“Oh, you are funny,” Jax said, but his tone was far from amused.
Clyde’s chair scooted back, and he stood, towering over our visitors. He must have been seven feet tall and half as broad. No need to seek out the biggest guy in the yard to propel my way to the top of the prison food chain. He was right in front of me.
“Time to go,” Clyde told Jax.
“Relax, Big C.” The weaselly man held up his hands. “We aren’t gonna break your new toy.”
Clyde didn’t speak again. He didn’t need to.
Jax worked his jaw a moment before huffing a breath. “Maybe next time.” He winked a yellow eye at me. His turn toward the exit signaled the other two, and they all filed out.
Clyde pulled the cell door shut in their wake. I stayed against the wall, watching as he shuffled back to the desk chair and sat.
“They’re bad news,” he said of our now absent guests. “And he lied about your tattoo. Don’t hide it. That’s how your friends will find you.”
I nodded while a pertinent question remained unasked:Are you my friend, Clyde?
I hoped so because ours were close quarters, and his fists were the size of my head. Clyde could probably bench-press Vinton, and that was saying something.
Turning toward the bunkbed ladder, I gripped the metal rungs.
“I’m gonna lay down,” I said. “Not feeling so hot.”
Clyde grunted. “You’ll get used to it.”
So I’d been told.
I made it up the ladder and crawled across the mattress. Collapsing onto it, I immediately felt every slatunderneath. My stomach grumbled. I was hungry, tired, and already done with today.
Rolling over, I peered at the drawings taped to the wall above Clyde’s desk. All people, it appeared, most of the same person. I’d seen enough police sketch artist renderings of myself to recognize the hallmarks: hollow cheeks, shaggy undercut, lip ring…

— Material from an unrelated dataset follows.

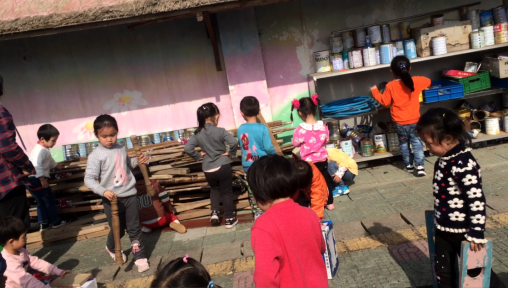 教师们的观点归纳:我们收集的这些材料没有能充分激发孩子游戏的兴趣,对孩子游戏中的主动发展支持不足,只能说是废旧材料,还不能作为幼儿的开放性材料。分析反思后我们总结:不要给这些材料固定的区域,真正把使用材料游戏的自主权交给孩子;所有收集的材料可以幼儿园集中存放在操场的材料资源小屋里,方便孩子自由取放,看看这些材料能否激发孩子们的好奇心、想象力和创造力。

“Clyde?” I cleared my throat. “Whatcha working on?”
He paused mid-scrawl and turned, holding up his notebook. “New art for my fan site. I upload every Wednesday. Library day.” This most current work featured two people in a compromising position. One was the same floppy-haired, tatted guy from the other drawings, and the other looked a lot—too much—like Avery.
“Fan site, huh?” I sat up on the bunk, rubbing the back of my neck. “For who?”

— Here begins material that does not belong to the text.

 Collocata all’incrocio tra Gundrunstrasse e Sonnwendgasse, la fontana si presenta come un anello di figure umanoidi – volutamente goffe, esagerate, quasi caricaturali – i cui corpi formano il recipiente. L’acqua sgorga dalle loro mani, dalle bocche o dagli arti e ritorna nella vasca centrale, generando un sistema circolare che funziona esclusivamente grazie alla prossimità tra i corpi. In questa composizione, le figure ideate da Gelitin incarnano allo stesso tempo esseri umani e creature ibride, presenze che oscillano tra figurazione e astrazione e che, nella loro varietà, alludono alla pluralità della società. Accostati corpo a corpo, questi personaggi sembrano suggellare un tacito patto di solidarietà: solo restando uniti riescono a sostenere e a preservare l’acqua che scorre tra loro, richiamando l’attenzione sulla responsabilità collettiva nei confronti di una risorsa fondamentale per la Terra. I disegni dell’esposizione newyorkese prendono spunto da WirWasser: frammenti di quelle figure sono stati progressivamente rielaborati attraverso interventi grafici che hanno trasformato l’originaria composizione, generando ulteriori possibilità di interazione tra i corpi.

“Marionette,” Clyde murmured.
“Marionette?” My nose scrunched. “As in… me?”
Clyde gazed at the notebook with the nearest thing to love in his eyes. “He is my muse.”
“Oh.” I paused. “Marionette is more of a media thing. Sensational journalism and shit. Most everybody else just calls me Fitch…” The longer I stared at the drawings, the more cringeworthy they became. It was a shrine, after all. A gay smut shrine.
“I like girls, too, you know,” I said at last.
The big man shrugged.
“Hey, Clyde!” A curly-haired woman poked her head between the cell bars, making me jump. She flashed a gap-toothed smile as she announced, “Turn on your radio. AM 785. Marionette’s on the news.” She caught me with a passing glance, then waved. “Hey, new guy.”
Before I could respond, she disappeared.
Holland’s warning about the public learning of my arrest resurfaced in my mind. On its heels came the vivid image of my head mounted on a plaque. Maybe they’d hang it in the Investigative Department, stuffed and fitted with dead glass eyes like a prized buck.
Static crackled as Clyde turned the dials on a tiny clock radio. Notes of passing songs blipped by before he found the right station. It wasn’t a news broadcast at all, rather a local talk show with a shock jock DJ whose whiny voice rubbed my nerves like a cheese grater.
“Big news from the Capitol this morning, ladies and gents,” the DJ said. “Call him Fitch Farrow, call him Marionette, I don’t care as long as they call him convicted. That’s right, the Bloody Hex’s string-pulling assassin has been captured.”